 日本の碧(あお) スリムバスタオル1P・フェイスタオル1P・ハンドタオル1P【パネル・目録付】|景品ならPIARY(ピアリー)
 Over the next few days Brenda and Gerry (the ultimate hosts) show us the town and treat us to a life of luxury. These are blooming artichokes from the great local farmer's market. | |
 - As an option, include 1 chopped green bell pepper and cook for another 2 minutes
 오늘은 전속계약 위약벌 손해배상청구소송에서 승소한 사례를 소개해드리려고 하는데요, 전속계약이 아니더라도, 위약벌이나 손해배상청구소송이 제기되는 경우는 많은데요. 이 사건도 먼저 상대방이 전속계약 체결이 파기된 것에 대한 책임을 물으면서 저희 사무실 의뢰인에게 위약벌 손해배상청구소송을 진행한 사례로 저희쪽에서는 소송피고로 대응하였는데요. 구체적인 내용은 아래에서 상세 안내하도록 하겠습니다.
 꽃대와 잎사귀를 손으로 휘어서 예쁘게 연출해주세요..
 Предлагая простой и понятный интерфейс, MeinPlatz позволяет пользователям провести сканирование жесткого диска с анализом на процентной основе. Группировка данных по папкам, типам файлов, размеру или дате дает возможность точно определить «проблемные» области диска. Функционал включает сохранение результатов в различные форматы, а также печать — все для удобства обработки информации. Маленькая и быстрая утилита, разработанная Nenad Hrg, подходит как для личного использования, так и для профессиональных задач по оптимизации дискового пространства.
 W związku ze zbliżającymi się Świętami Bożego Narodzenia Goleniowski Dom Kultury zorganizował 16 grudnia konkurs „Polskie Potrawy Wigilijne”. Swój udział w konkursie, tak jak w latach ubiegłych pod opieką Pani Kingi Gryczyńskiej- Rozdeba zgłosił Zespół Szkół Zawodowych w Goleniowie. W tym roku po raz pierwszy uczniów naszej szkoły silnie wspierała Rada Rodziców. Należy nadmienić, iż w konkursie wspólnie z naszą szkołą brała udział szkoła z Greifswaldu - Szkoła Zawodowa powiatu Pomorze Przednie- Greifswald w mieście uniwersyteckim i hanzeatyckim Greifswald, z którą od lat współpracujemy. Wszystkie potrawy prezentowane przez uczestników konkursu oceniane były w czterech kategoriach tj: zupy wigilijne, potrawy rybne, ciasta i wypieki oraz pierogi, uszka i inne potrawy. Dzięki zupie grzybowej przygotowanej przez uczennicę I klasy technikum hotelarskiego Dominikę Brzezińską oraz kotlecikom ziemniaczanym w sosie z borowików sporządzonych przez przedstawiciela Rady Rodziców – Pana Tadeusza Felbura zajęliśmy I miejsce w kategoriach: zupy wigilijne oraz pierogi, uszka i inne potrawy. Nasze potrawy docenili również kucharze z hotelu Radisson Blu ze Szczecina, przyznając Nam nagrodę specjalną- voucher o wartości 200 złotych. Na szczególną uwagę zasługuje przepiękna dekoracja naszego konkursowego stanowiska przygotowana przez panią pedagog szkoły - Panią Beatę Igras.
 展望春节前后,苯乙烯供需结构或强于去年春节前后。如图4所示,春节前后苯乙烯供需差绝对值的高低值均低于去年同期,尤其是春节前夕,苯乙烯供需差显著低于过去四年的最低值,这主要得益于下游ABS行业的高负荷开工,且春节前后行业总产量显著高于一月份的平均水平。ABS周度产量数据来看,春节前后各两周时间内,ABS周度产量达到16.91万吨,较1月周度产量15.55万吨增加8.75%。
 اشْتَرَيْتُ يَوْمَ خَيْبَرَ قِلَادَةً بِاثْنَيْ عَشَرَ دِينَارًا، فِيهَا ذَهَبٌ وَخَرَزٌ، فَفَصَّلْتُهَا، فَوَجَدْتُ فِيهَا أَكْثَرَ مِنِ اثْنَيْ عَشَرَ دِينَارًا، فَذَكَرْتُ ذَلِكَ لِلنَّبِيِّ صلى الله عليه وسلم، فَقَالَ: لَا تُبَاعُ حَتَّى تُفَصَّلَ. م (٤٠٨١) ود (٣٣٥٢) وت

-- WORK INSTRUCTIONS --
Quote exactly the first line of the data and every line after it through the one holding "꽃대와 잎사귀를 손으로 휘어서 예쁘게 연출해주세요..".

-- ANSWER TO THIS PROBLEM --
 日本の碧(あお) スリムバスタオル1P・フェイスタオル1P・ハンドタオル1P【パネル・目録付】|景品ならPIARY(ピアリー)
 Over the next few days Brenda and Gerry (the ultimate hosts) show us the town and treat us to a life of luxury. These are blooming artichokes from the great local farmer's market. | |
 - As an option, include 1 chopped green bell pepper and cook for another 2 minutes
 오늘은 전속계약 위약벌 손해배상청구소송에서 승소한 사례를 소개해드리려고 하는데요, 전속계약이 아니더라도, 위약벌이나 손해배상청구소송이 제기되는 경우는 많은데요. 이 사건도 먼저 상대방이 전속계약 체결이 파기된 것에 대한 책임을 물으면서 저희 사무실 의뢰인에게 위약벌 손해배상청구소송을 진행한 사례로 저희쪽에서는 소송피고로 대응하였는데요. 구체적인 내용은 아래에서 상세 안내하도록 하겠습니다.
 꽃대와 잎사귀를 손으로 휘어서 예쁘게 연출해주세요..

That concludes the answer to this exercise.